Humanities Academic Gets Vice-Chancellor’s Research Award
Professor Sarojini Nadar of the School of Religion, Philosophy and Classics (SRPC) was recently awarded the prestigious 2015 Vice-Chancellor’s Research Award which recognises UKZN researchers for exceptional quality and proven achievement with sustained records of scholarship.
The award is given to a scholar who is under the age of 40.
Nadar says she is deeply honoured and humbled by the award. Despite receiving the Department of Science and Technology award for Distinguished Young Woman in Science in 2012, she believes the Research award is more special since her own institution is recognising her work.
She felt there was much to celebrate in 2015, since her son, Nathan, scooped six distinctions in his 2015 Matric examinations.
Said Nathan: ‘My mom fully deserves this award. It is another addition to her wide array of achievements and accomplishments. She works really hard and I am extremely proud of her.’
Professor Gerald West, who nominated Nadar for the award, said: ‘Professor Sarojini Nadar is one of the few PhD students I have supervised who has gone on not only to make significant contributions to the research fields in which she works but who has reconfigured the research terrain.
‘Her interdisciplinary work in the intersections between gender studies, biblical studies, and religious studies has generated innovative theoretical and methodological resources, shaping the terrain in new ways. Professor Nadar’s work inhabits the interface between the academy and local communities, and here too she has made substantive theoretical and methodological contributions,’ he said.
Nadar considers herself to be an activist-academic, hence it was her passion for gender social transformation that led her into the world of academia. ‘I bring my commitment to social justice to bear on the research and teaching I undertake, and I also use the tools and resources of the academy in my community engagement,’ she said.

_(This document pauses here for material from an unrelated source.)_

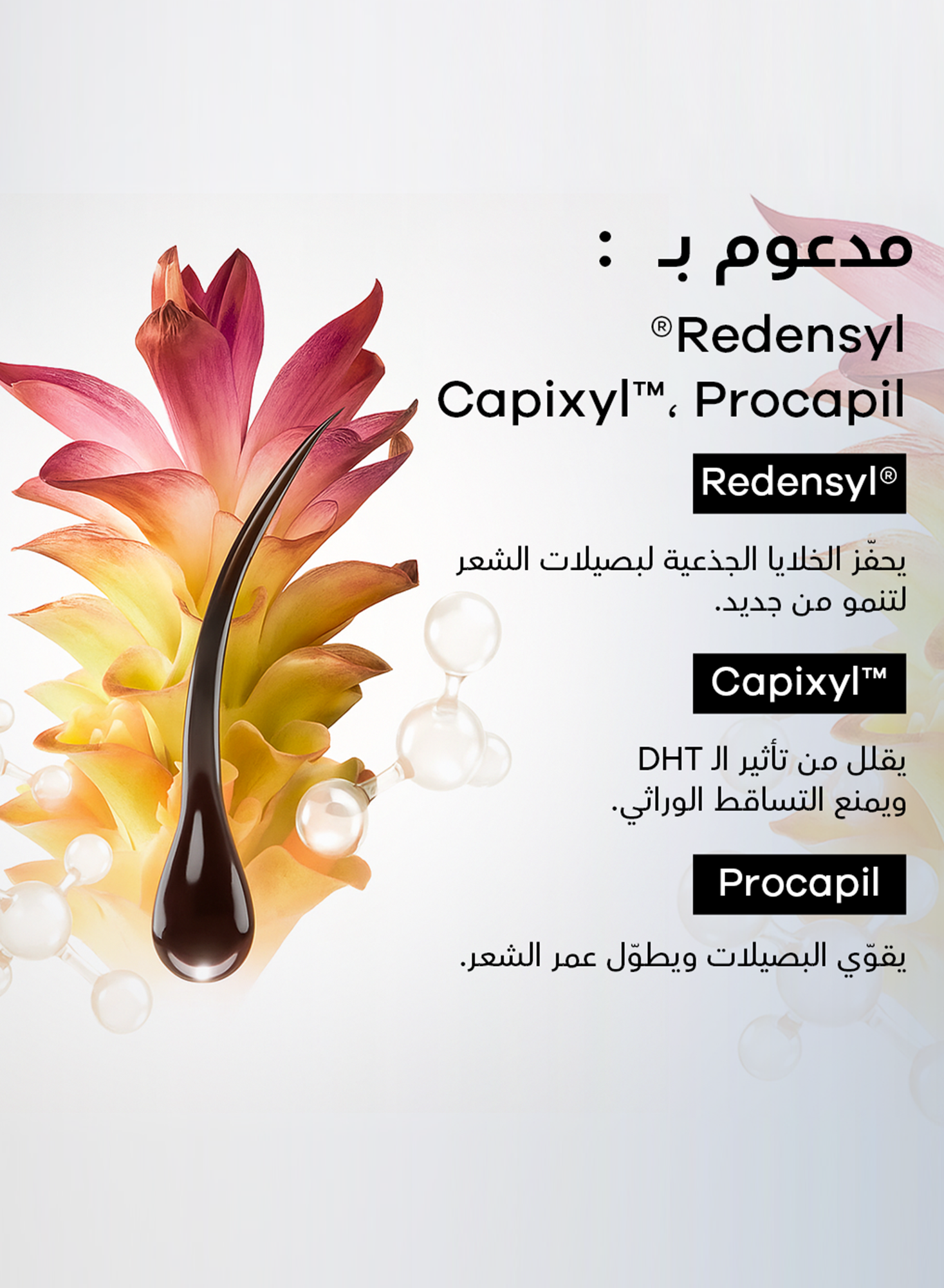 A specialized men’s hair serum powered by Redensyl®, Capixyl™, and Procapil™, combined with Hyaluronic Acid and Vitamins B3 & B5. It reduces hair loss, stimulates follicle activity, and nourishes the scalp for improved root health. Enhanced with ApiScalp™ technology, it strengthens hair structure, increases thickness, and boosts overall vitality. Designed for men seeking fuller, thicker, and healthier hair.

Her advice to emerging researchers, is to do research on what they are most passionate about rather than simply because it is a requirement of the University. ‘I often say to my nieces and nephews, that you know you are in the right career when you can answer in the affirmative to the question: Would you still do this if you were not getting paid to do so?’

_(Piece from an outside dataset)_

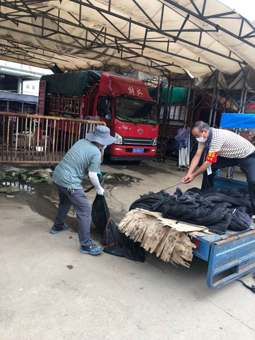 火熱8月,阻擋不了蔬菜部全體工作人員擼起袖子加油干的滿腔熱情,尤其是秩序科現(xiàn)場(chǎng)管理工作人員。大家對(duì)于各自區(qū)域的衛(wèi)生保潔高度重視,場(chǎng)內(nèi)臟亂現(xiàn)場(chǎng)及時(shí)親自動(dòng)手清理。面對(duì)臟棉被、草簾、木板、爛菜葉等各類垃圾,大家毫無(wú)畏難情緒,一呼百應(yīng),個(gè)個(gè)不怕臟、不怕累,只想著立即清理,創(chuàng)造出一個(gè)干凈衛(wèi)生的交易環(huán)境。同時(shí),秩序科對(duì)大棚內(nèi)經(jīng)營(yíng)戶們隨意懸掛的橫幅也進(jìn)行了集中整治清除,對(duì)經(jīng)營(yíng)戶們反復(fù)宣傳,一再?gòu)?qiáng)調(diào),此次創(chuàng)建全國(guó)文明城市的重要性,干凈整潔交易環(huán)境的重要性,大家積極參與配合的重要性。

Asked about her future plans, she replied: ‘During the next five years I intend to focus my research on the feminist episteme in the context of the study of religion. I am interested in the various ways in which feminist knowledge is produced in a fragmented and fragile South African Higher Education context. How such knowledge is produced, taught and disseminated within Higher Education contexts nationally and internationally is what interests me.’
‘I am most pleased therefore that I have also just been awarded a Newton Grant by the British Academy for a bilateral project with the University of Leeds titled: Queering the Curriculum: LGBTI, Sexuality, and Masculinity Issues in Theology & Religious Studies in South Africa and the UK.

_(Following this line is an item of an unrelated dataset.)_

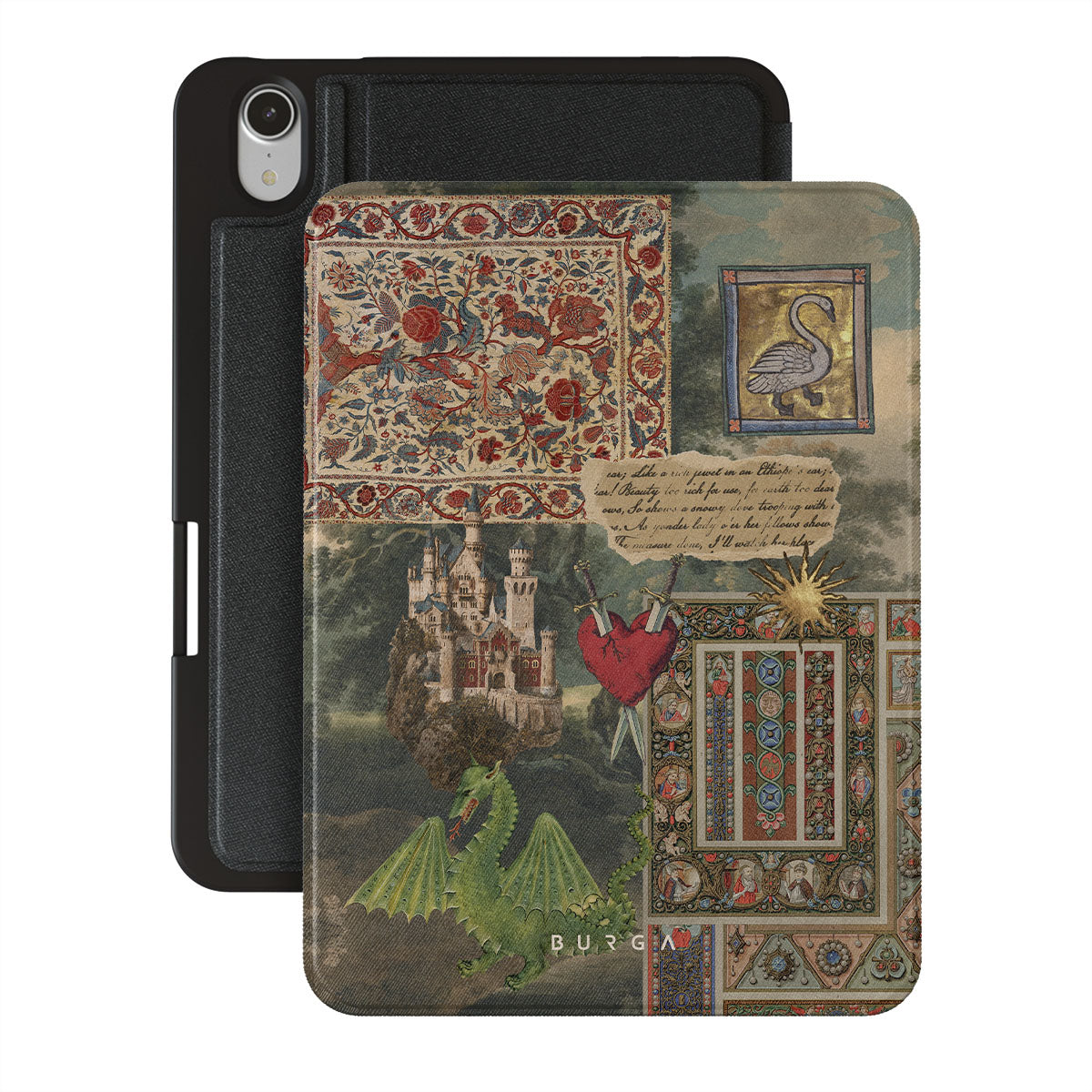 Denna design har: handskriven kalligrafitypsnitt, vintageprint, medeltida design, blommönster, illustrationer från gamla böcker, hjärta, drake, slott

*Sarojini Nadar is a full professor in and leader of the Gender and Religion Programme at UKZN. She served as Dean of Research in the College of Humanities in 2012 and 2013, and has researched and published widely in the field of feminist biblical hermeneutics, with a special focus on HIV and AIDS; gender-based violence; masculinity and sexuality.
She also has a special interest in studying and developing theories of feminism in Africa, and more recently has developed an interest in gender and Higher Education research.
She is an NRF-rated researcher and was a Research Fellow at the Stellenbosch Institute for Advanced Study (STIAS) in 2014 when she received a National Commendation Award for Teaching Excellence from the Higher Education Learning and Teaching Association of South Africa and was also the winner of the 2013 UKZN Distinguished Teachers’ Award.
She was the winner of the National DST Distinguished Young Woman in Science Award: Human and Social Sciences in 2012.
In 2009 she received the UKZN Top Woman Researcher Award, and in 2006 won the UKZN Book Prize for best edited book titled: African Women, Religion and Health: Essays in Honour of Mercy Amba Oduyoye, co-edited by herself and Isabel Phiri.
She was selected and featured by the Mail & Guardian in their 2008 Book of South African Women, and in 2016 will feature in a book by the Academy of Science of South Africa (ASSAF) on female scientists in Africa.